**WHAT YOU ARE ASKED TO DO**: In the material below, find the span from the line with "9路:蕲春南站至蕲春客运站(返程)蕲春南" to the line with "Покриття підлогове модульне" and transcribe only those lines, exactly, ends included, without the pictures.

---------- LISTED ENTRIES

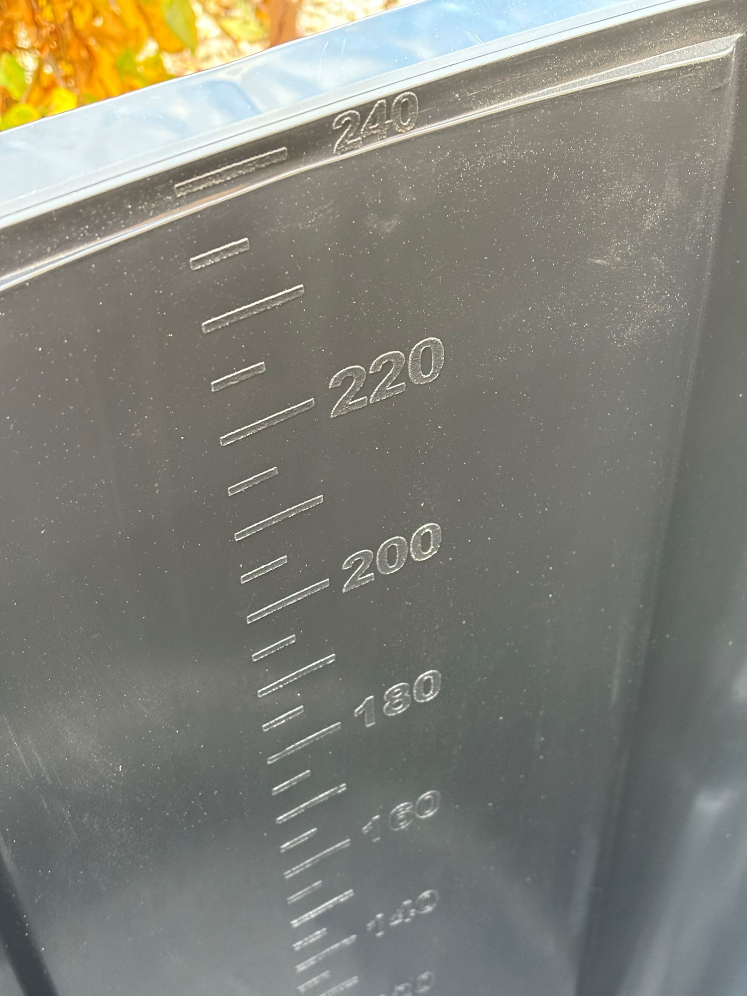 This 240-liter container is easy to handle and tilts easily.   for easy cleaning and draining of liquids.
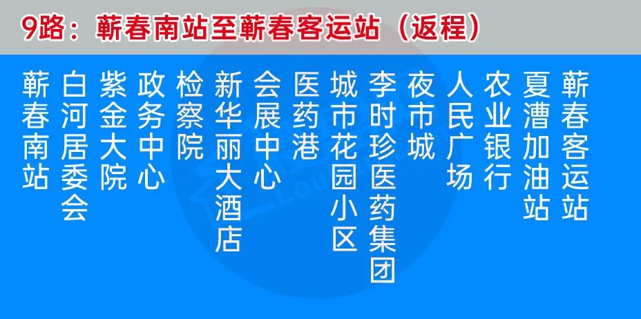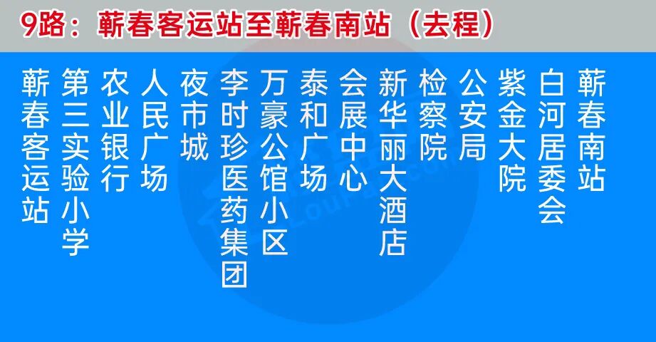 9路:蕲春南站至蕲春客运站(返程)蕲春南站→白河居委会→紫金大院→政务中心→检察院→新华丽大酒店→会展中心→医药港→城市花园小区→李时珍医药集团→夜市城→人民广场→农业银行→夏漕加油站→蕲春客运站
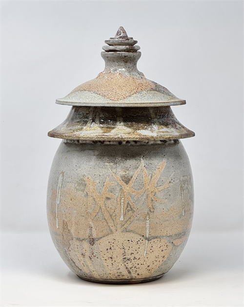 | Description: | This lidded pot draws inspiration from the layered roofs of traditional Japanese architecture, featuring a multi-tiered lid crafted entirely on the wheel in multiple sections. The wheel-thrown base and intricately constructed lid work together to create a design that’s both functional and sculptural. The glaze is rich with variations and complexity, highlighting the artist’s creativity and skillful attention to detail. Every angle reveals something new, making this piece a thoughtful blend of architectural elegance and ceramic artistry. |
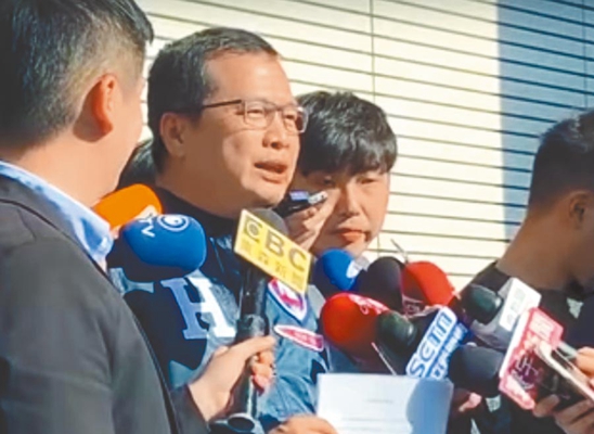 罗智强在台湾“三立电视台”门口质问蔡英文。(图片取自台媒)
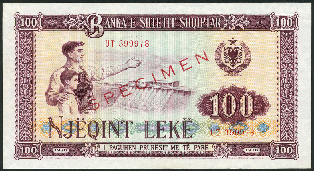 Banka e Shtetit Shqiptar, Albania, a group of notes from the 1976 issue comprising, 1 lek (2, one a specimen), serial numbers BV 193320 and CL 78457, 3 lek, serial number BB 833582, specimen 5 lek, serial number SX 075655, specimen 10 lek, serial number HL564172, specimen 25 lek, serial number YN056099, specimen 50 lek, serial number GS345327 and specimen 100 lek, serial number UT 399978
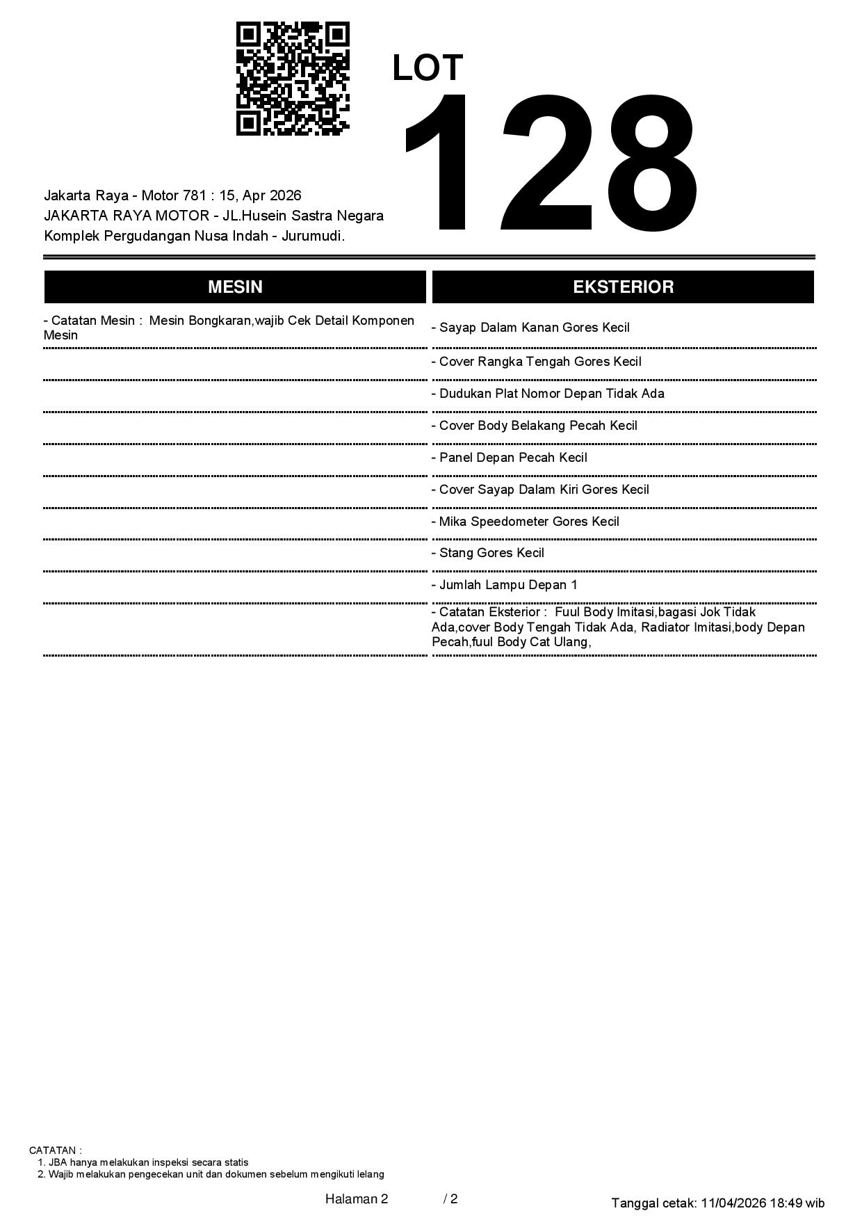 2. Peserta lelang wajib cek unit & dokumen
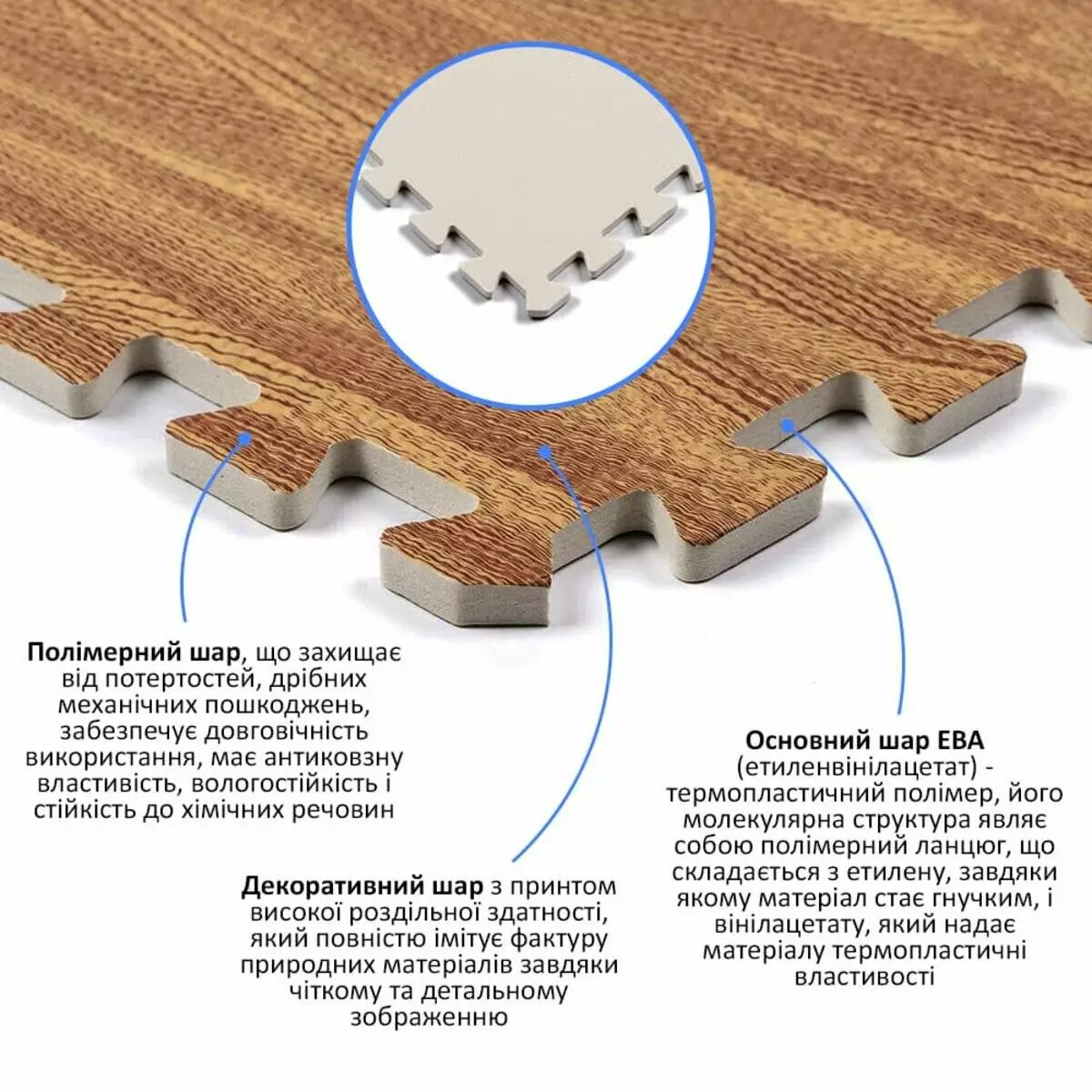 Покриття підлогове модульне «Пазл» являє собою модульні плити з вирізаними замками, які легко з'єднуються між собою, утворюючи стійке і міцне покриття. Замки знімаються. Ключові характеристики підлогового покриття:
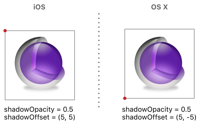 The CALayer class includes several properties for configuring a shadow effect. A shadow adds depth to the layer by making it appear as if it is floating above its underlying content. This is another type of visual adornment that you might find useful in specific situations for your app. With layers, you can control the shadow’s color, placement relative to the layer’s content, opacity, and shape.
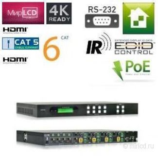 Матричный коммутатор HDMI 4 х 4. Матричный коммутатор 4 HDMI x 2 HDMI - 4 HDBT для передачи сигналов по одному кабелю витой пары CAT5e/6/7 c IR и RS232управлением. Высококачественный матричный коммутатор 4 x 4 для преобразования сигналов HDMI в HDBT и может передавать его по кабелю на витой паре на расстояние до 70 метров. Он позволяет соединить любой из входов с любыми выходами или со всем выходам сразу. Прибор выполняет компенсацию АЧХ кабеля и перетактирование сигнала. Модель имеет расширенные фвозможности управления и осуществления предварительного просмотра контента. Разрешение макс 4Kx2K, 1080P 3D. EDID встроен. Управление кнопки, 5 х RS232, IR. Передача сигнала до 40 м (4K); до 70 м (1080P) по CAT 5e/6. Передача данных 10.2 Гбит/с. Совместимость HDCP 2.2. Дополнительно 4 х 3p небалансный стерео выход; PoC. None
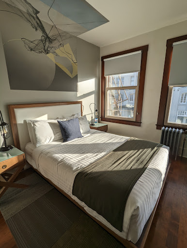 Read moreI booked this rather last-minute, less than 48 hours prior to us checking in, and the pricing seemed to reflect this, though I would still say it was fair. We booked a standard private room on the second floor and it was very nice!! I peeked into the shared bathrooms (the toilet and sink were in their own room, shower was in another space, looked like three of each on our floor), and they were very clean. The building is older but seemed well-maintained, though with wooden floors so there was definitely evidence of it being pet-friendly. There is an elevator, which was nice since we brought our two elder pups with us and stairs can be difficult to navigate, especially when carrying luggage. The lobby was welcoming, every staff member we interacted with was friendly and helpful, and they have a small self-service snack bar. Overnight/after hours, there is a clipboard for you to enter your information and what you took, they charge you accordingly. It was a simple, useful system, especially when the 2am munchies hit. The room itself had a queen bed, surprisingly comfortable, with nice bedding. There was a small couch and coffee table with an electric kettle, a large glass bottle of water and two mugs. The bathroom was small but clean; the shower got hot really quickly and the water pressure was excellent, but the tub did take awhile to drain and it would fill with about an inch of water in the bottom during a ~10 minute shower. The room also came with a fan (!) and a white noise machine (!!), which I was certainly excited about. There was a small closet space with six hangers and a small bench, perfect for luggage and a place to put on one's shoes. Overall, while not the height of luxury, it was very comfortable, we were extremely pleased with our stay and we will likely return.
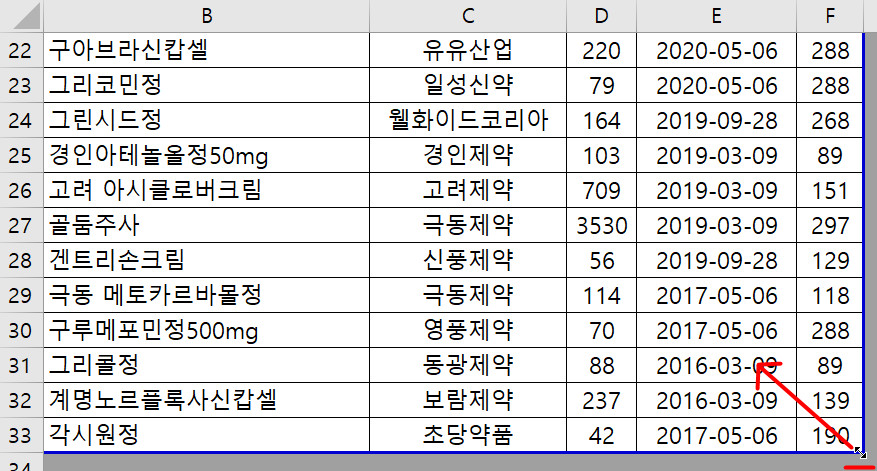 [페이지 나누기 보기]를 실행하면 데이터 테두리 부분에 파랑색 선이 표시되는데, 그 경계선에 마우스 포인터를 이동한 후 마우스 포인터가 ↔, ↕ 등으로 변경됐을 때 드래그하여 범위를 수정하면 됩니다.
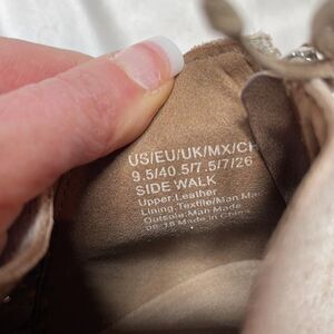 Kenneth Cole Reaction Side Walk Leather Booties. Size 9.5. Suede constructed ankle bootie. Back zip closure. Color: cloud/taupe. Stacked block heel. Almond toe. All over perforated detail. Grip sole. Excellent used condition.

--------------------

**RESPONSE FOR THIS EXERCISE**:
 9路:蕲春南站至蕲春客运站(返程)蕲春南站→白河居委会→紫金大院→政务中心→检察院→新华丽大酒店→会展中心→医药港→城市花园小区→李时珍医药集团→夜市城→人民广场→农业银行→夏漕加油站→蕲春客运站
 | Description: | This lidded pot draws inspiration from the layered roofs of traditional Japanese architecture, featuring a multi-tiered lid crafted entirely on the wheel in multiple sections. The wheel-thrown base and intricately constructed lid work together to create a design that’s both functional and sculptural. The glaze is rich with variations and complexity, highlighting the artist’s creativity and skillful attention to detail. Every angle reveals something new, making this piece a thoughtful blend of architectural elegance and ceramic artistry. |
 罗智强在台湾“三立电视台”门口质问蔡英文。(图片取自台媒)
 Banka e Shtetit Shqiptar, Albania, a group of notes from the 1976 issue comprising, 1 lek (2, one a specimen), serial numbers BV 193320 and CL 78457, 3 lek, serial number BB 833582, specimen 5 lek, serial number SX 075655, specimen 10 lek, serial number HL564172, specimen 25 lek, serial number YN056099, specimen 50 lek, serial number GS345327 and specimen 100 lek, serial number UT 399978
 2. Peserta lelang wajib cek unit & dokumen
 Покриття підлогове модульне «Пазл» являє собою модульні плити з вирізаними замками, які легко з'єднуються між собою, утворюючи стійке і міцне покриття. Замки знімаються. Ключові характеристики підлогового покриття:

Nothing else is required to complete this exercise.